[Records contained in a dataset]
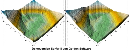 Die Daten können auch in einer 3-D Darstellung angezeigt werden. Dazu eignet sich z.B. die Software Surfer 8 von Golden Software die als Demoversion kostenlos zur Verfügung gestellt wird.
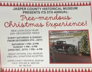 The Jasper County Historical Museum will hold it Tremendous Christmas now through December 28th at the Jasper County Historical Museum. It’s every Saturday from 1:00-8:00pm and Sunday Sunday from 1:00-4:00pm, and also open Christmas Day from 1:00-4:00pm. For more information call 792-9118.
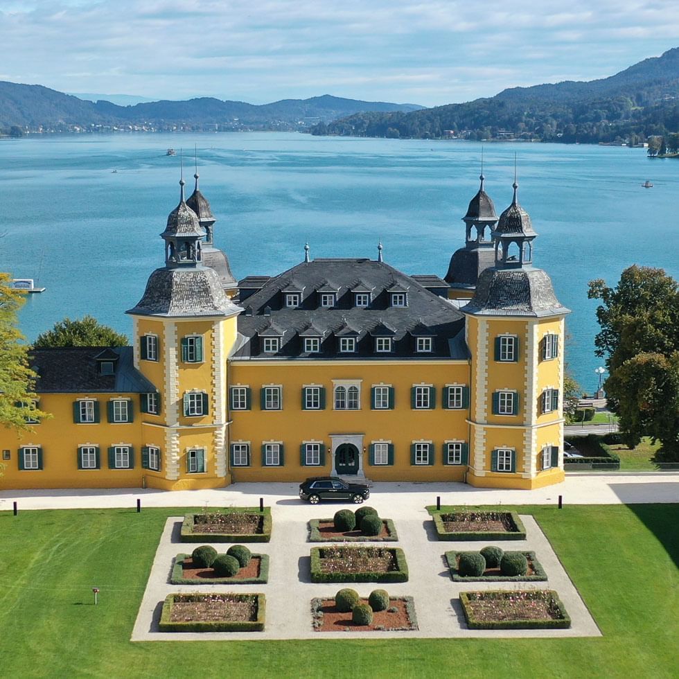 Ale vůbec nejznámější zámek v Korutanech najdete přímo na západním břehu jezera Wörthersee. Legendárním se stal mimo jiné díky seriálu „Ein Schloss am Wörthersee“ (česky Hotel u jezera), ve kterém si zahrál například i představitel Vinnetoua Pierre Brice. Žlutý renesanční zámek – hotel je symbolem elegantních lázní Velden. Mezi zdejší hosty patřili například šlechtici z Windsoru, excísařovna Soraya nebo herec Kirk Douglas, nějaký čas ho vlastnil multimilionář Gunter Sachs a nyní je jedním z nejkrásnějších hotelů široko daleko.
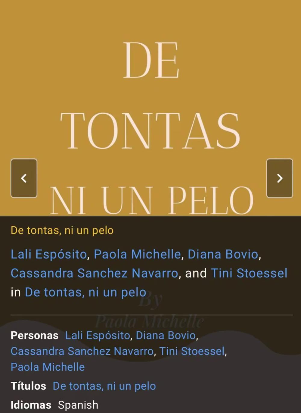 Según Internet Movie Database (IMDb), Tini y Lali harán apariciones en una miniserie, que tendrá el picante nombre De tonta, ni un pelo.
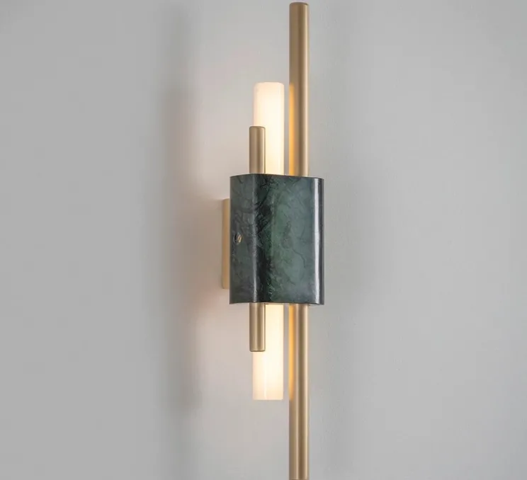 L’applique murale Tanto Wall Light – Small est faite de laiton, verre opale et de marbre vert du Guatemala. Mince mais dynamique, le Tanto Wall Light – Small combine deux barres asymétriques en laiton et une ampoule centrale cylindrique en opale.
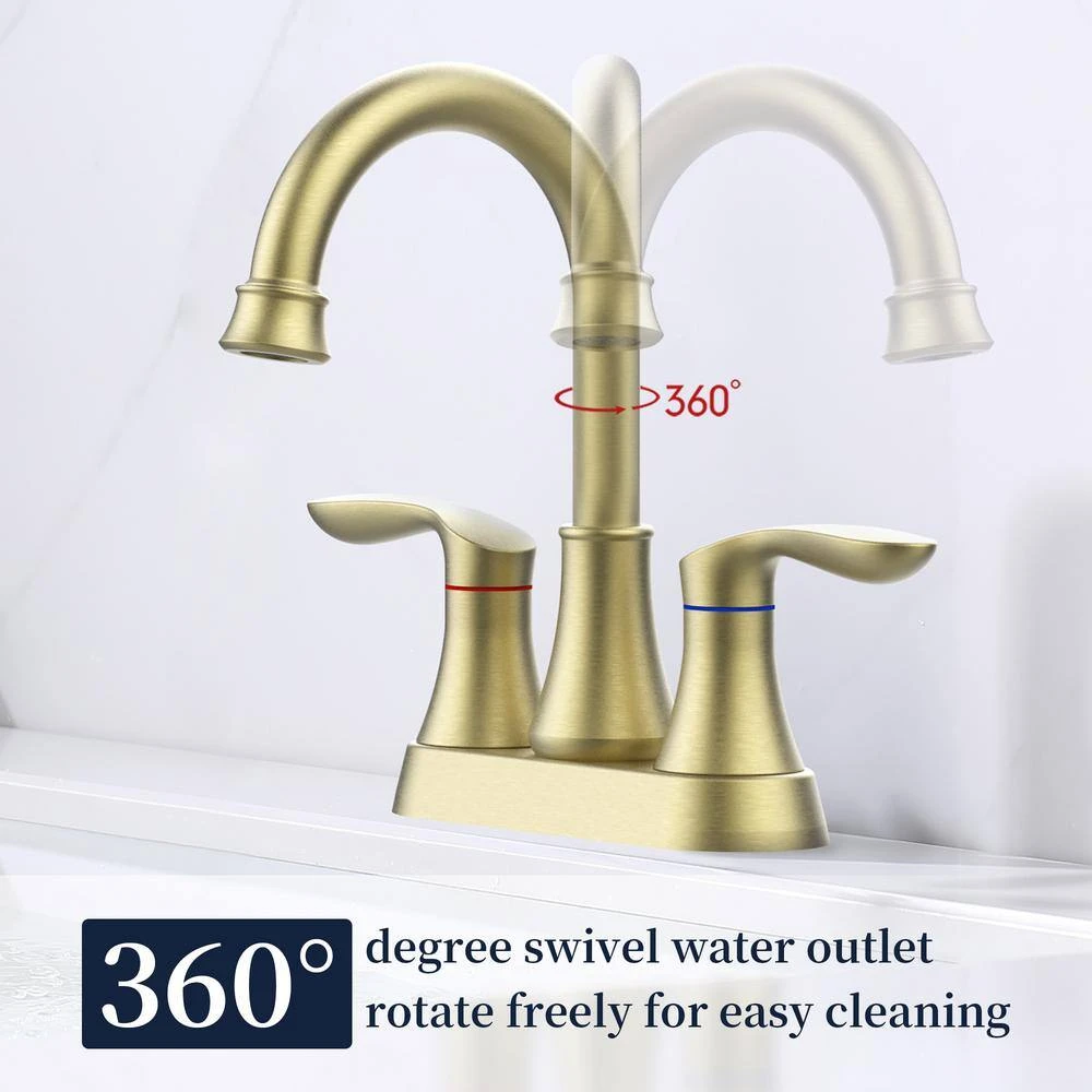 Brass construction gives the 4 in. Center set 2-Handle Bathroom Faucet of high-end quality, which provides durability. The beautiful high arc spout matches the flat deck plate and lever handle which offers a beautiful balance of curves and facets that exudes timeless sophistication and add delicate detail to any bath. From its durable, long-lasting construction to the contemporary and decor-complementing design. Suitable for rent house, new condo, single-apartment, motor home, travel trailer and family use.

→ **EXERCISE DIRECTIONS**
Your output should be the lines above from the one that contains "Ale vůbec nejznámější" through the one that contains "Según Internet Movie", word for word, with pictures left out.

→ **RESULT OF THIS TASK**
 Ale vůbec nejznámější zámek v Korutanech najdete přímo na západním břehu jezera Wörthersee. Legendárním se stal mimo jiné díky seriálu „Ein Schloss am Wörthersee“ (česky Hotel u jezera), ve kterém si zahrál například i představitel Vinnetoua Pierre Brice. Žlutý renesanční zámek – hotel je symbolem elegantních lázní Velden. Mezi zdejší hosty patřili například šlechtici z Windsoru, excísařovna Soraya nebo herec Kirk Douglas, nějaký čas ho vlastnil multimilionář Gunter Sachs a nyní je jedním z nejkrásnějších hotelů široko daleko.
 Según Internet Movie Database (IMDb), Tini y Lali harán apariciones en una miniserie, que tendrá el picante nombre De tonta, ni un pelo.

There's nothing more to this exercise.